Our current economic situation, with all its difficulties, has made aviation policy a central topic of discussion. The growth of emerging markets, coupled with the relative economic stagnation of Europe, has focused minds on the need for Britain to develop business relations with the wider world. You don’t need the logic of a Jesuit to appreciate that aviation is important to fostering links with those emerging economies outside Europe.
We have had a suggestion, most vividly expressed by the Mayor of London and now apparently backed by David Cameron, that we should create a new airport on an island in the Estuary. The so-called “Boris Island” looks like a long term solution. Our economy simply cannot afford to wait the 20 to 30 years that it would take to build “Boris Island”. So what is the short to medium term solution to this problem? In a new paper released today by the Free Enterprise Group, I argue that expanding current airports is the only viable option in the short to medium term. Airport operators should be allowed to build at least one more runway by 2020 at Gatwick, Stansted, or even Heathrow.
Of course, nobody likes the disturbance of more flights near their home. We should reform planning law so that airport operators can freely and fully negotiate compensation with affected local residents. Rather than have Government try to plan the course of the industry, we should let the market system work. This may mean that some locations such as West London ultimately prove commercially unviable. It may also mean that developments could occur in places which we have perhaps overlooked. The point is that the industry should have more of a say as to where best to accommodate rising demand. It is not clear that the man in Whitehall knows best on matters of this kind.

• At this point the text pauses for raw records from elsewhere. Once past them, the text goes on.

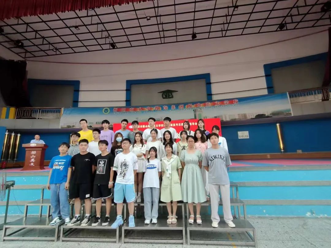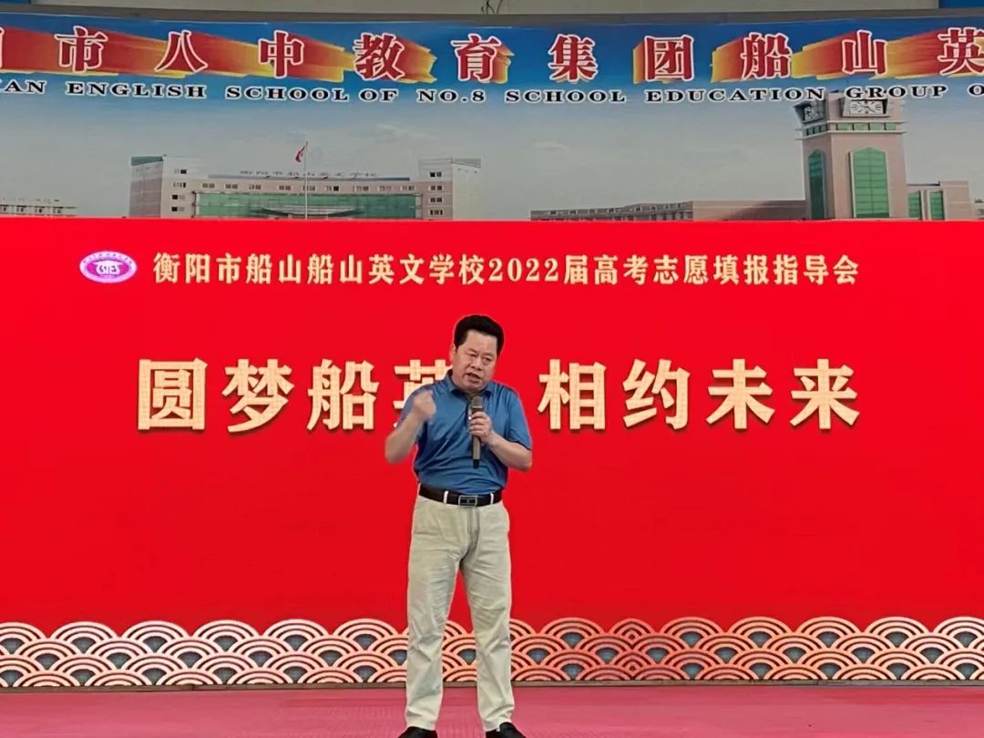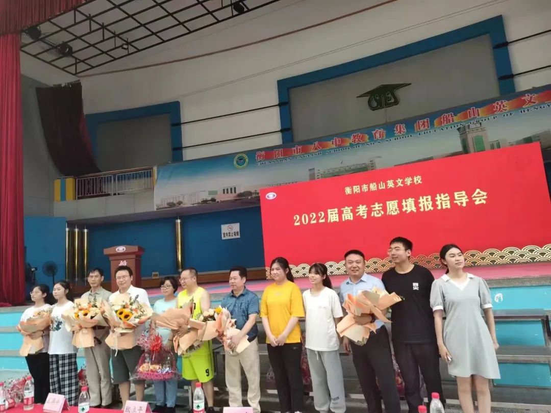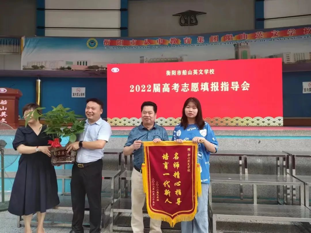 全校师生激动得欣喜相告、高兴得热泪盈眶…… 千余日子,不曾松懈;三年拼搏,终尝所愿。 6月26日上午9点,船山英文学校在校体育馆召开“志愿填报指导大会”,高中部全体教职工与学生及其家长,共同回顾奋斗历程,分享成功的喜悦,展望璀璨的未来。 如果世界有奇迹,那就是努力的另一个名字。 付出,用回报印证 每一个努力向上的人都值得敬佩,每一段努力付出的岁月都值得铭记。 当学校副校长曾云生一一念出上线学子的姓名时,他们过去所有的艰辛都化成了脸上灿烂的笑容。他们没有辜负自己,没有辜负青春,也没有辜负关心他们的家人、老师与朋友……他们用行动证明,每一份付出,都获得了回报。 誓言,用行动兑现 2018年,欧立平正式接任船山英文学校总校校长一职,他面对的是一个高考成绩不尽如人意的学校。 三年前,他向老师、学生、家长许下铮铮誓言:一定要把船山英文办成衡阳市北边最有名的学校。“为了留住孩子们,2019年我开了九次家长会,有些孩子是我带着他在校园里转了两个小时,谈了两个小时才留下来的。”欧校长如是说。 三年后,美丽的学校,欢声笑语的校园,奇迹般的高考成绩,良好的社会口碑……这些承诺都一一实现了。说起这三年的超常付出,欧校长满怀激情地说:“为了不辜负家长和孩子们的期望,全体老师每天坐班,给孩子们答疑解惑,悉心指导;引入智能平板辅助教学,提高孩子们的学习效率;邀请北大清华教授、学子来校讲座,鼓励孩子志存高远,努力攀登学习高峰;购买长郡网校全部课程,聘请退伍军人担任生活老师……只要为了孩子好,学校不计成本、想尽一切办法为孩子们创造最好的学习和成长环境,因为孩子的前途不是能用金钱衡量的,孩子有出息就是我们最自豪的事情!” “今天,我们可以自豪地说,你们当年的选择没有错,船山英文学校值得信赖!”欧校长十分欣慰地对家长和孩子们说。 感谢,用真情表达 “感谢学校管理团队、感谢所有高三老师、感谢学校的点滴关怀。”学生代表廖超、刘雨萱代表全体高三学子表达了感激之情,他们祝福学子们与学校一道,在未来的日子里“会当凌绝顶,一览众山小”“长风破浪会有时,直挂云帆济沧海”。 “三年来,我看到了孩子们的成长,也见证了船山英文学校的发展,感谢学校,感谢全体教师!”学生家长代表回顾了自己三年与孩子共同跋涉的征途,对学校卓有成效的付出表示由衷的感谢。 为了表示对母校和老师的这份感谢,许多学生及家长为学校送来锦旗、牌匾、鲜花……将千言万语凝聚在这一份份特别的礼物中。 “铭记母校,永念师恩。”这是一位同学在赠给母校牌匾上留下的话语,深情地表达了孩子们对学校,对老师深深的情,浓浓的爱。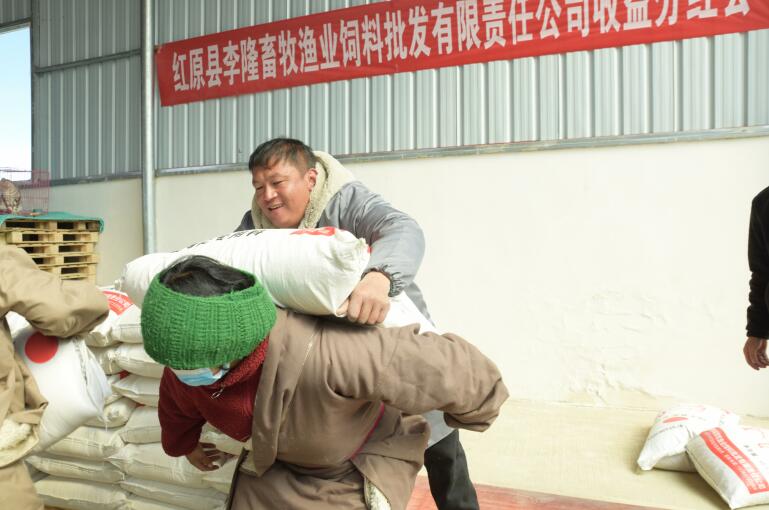 3月18日,红原县李隆畜牧渔业饲料批发有限责任公司开展收益分红大会,现场整齐摆放着一袋袋自主研发的牦牛颗粒饲料。此次分红方式以发放自主研发的牦牛颗粒饲料进行,为邛溪镇各村55户贫困户发放饲料。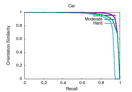 Object detection and orientation estimation results. Results for object detection are given in terms of average precision (AP) and results for joint object detection and orientation estimation are provided in terms of average orientation similarity (AOS).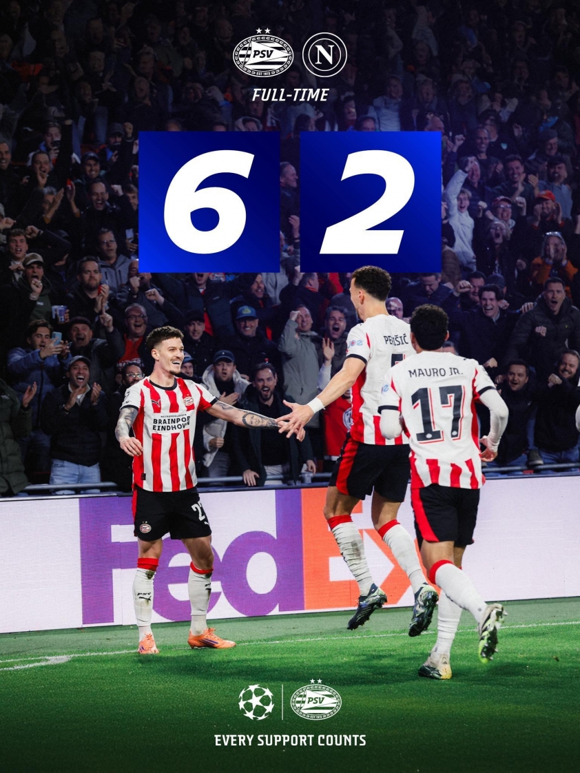 PSV Eindhoven made history at Philips Stadion by staging a comeback to crush Napoli 6-2, securing their first Champions League win this season. Despite trailing initially, the Dutch side played explosively, especially after Napoli was reduced to 10 men.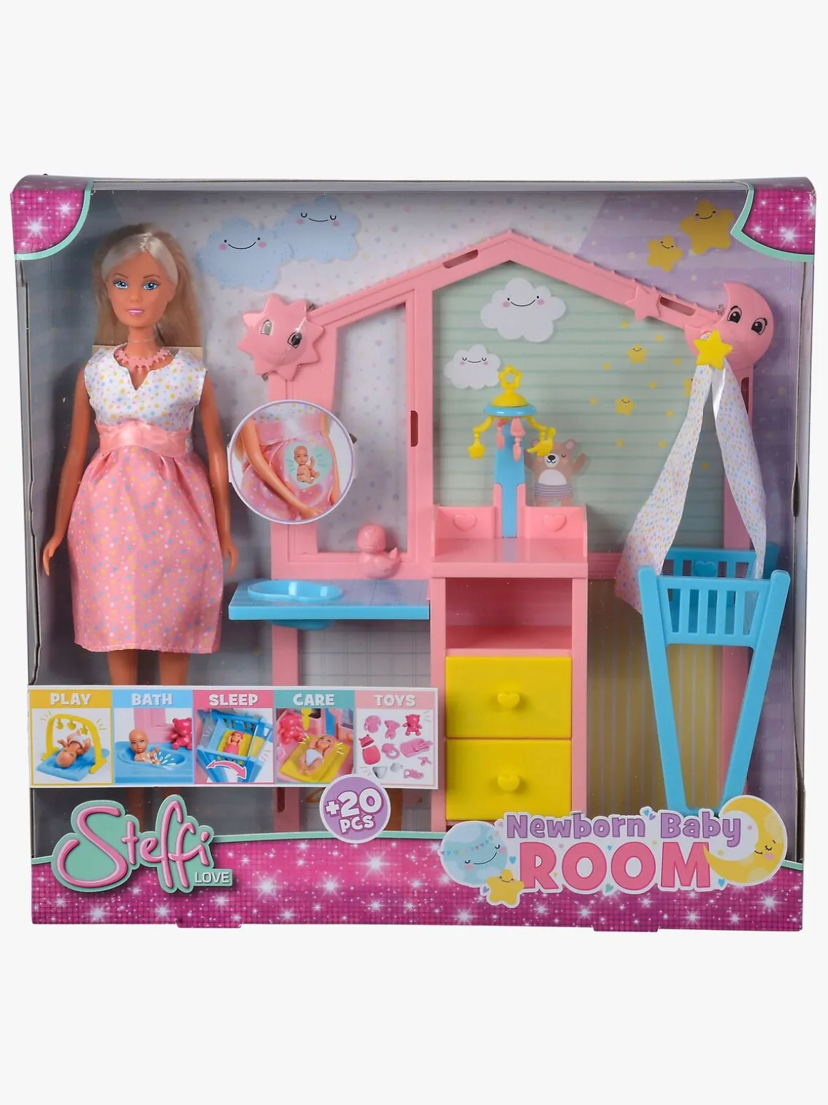 – Indeholder: 1 Steffi-dukke, 1 baby, 1 babyværelse, 1 aktivitetscenter, 15 babytilbehør.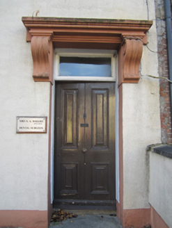 Terraced two-bay two-storey house with dormer attic, built c.1870. Now in use as dental surgery. Pitched slate roof, with smooth rendered chimneystack, and cast-iron rainwater goods. Smooth rendered walling with painted plinth course. Square-headed window openings, with rendered architraves and keystones, stone sills, and two-over-one pane timber horned sliding sash window to ground floor, and replacement uPVC windows to first floor. Segmental-headed dormer window opening to roof with replacement timber window. Square-headed door opening, with rendered architrave, moulded cornice supported on scrolled console brackets, and having timber panelled door with overlight. Fronts onto North Road, bounded by smooth rendered boundary wall with concrete coping to north.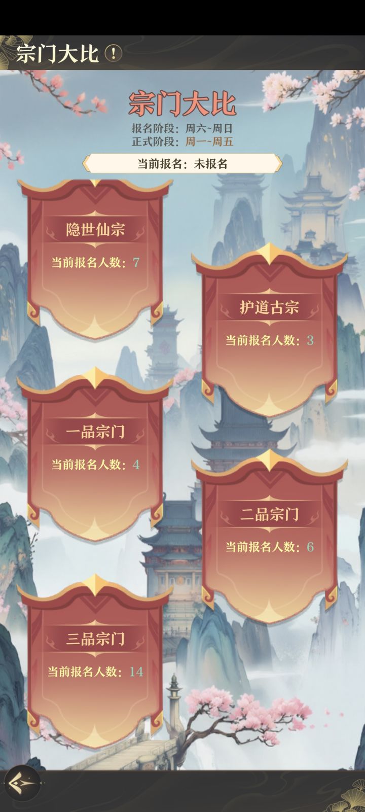如题,宗门大比还没报名却报名不了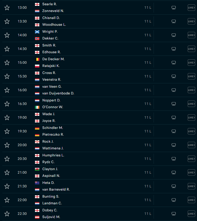 pascalp1933 salzmann Rydz gewinnt morgen gegen Humphries 🙏 Mit Gilding und Springer zwei Favoriten in ihren jeweiligen Begegnungen raus, Nijman kann man da eigentlich auch dazu zählen

Then again, there are some who say that Britain does not need any more airports, and that we should somehow off load our aviation needs to Charles de Gaulle airport in Paris, or Schiphol airport in Amsterdam. They would be happy to see aviation as yet another industry in which we were once leaders fall behind. Everyone knows that the south-east is always a difficult proposition for extensive new building projects. Yet given the economic situation we are in, we do need a plan for growth, and whether we like it or not economic growth is likely to lead to more demand for aviation, rather than less.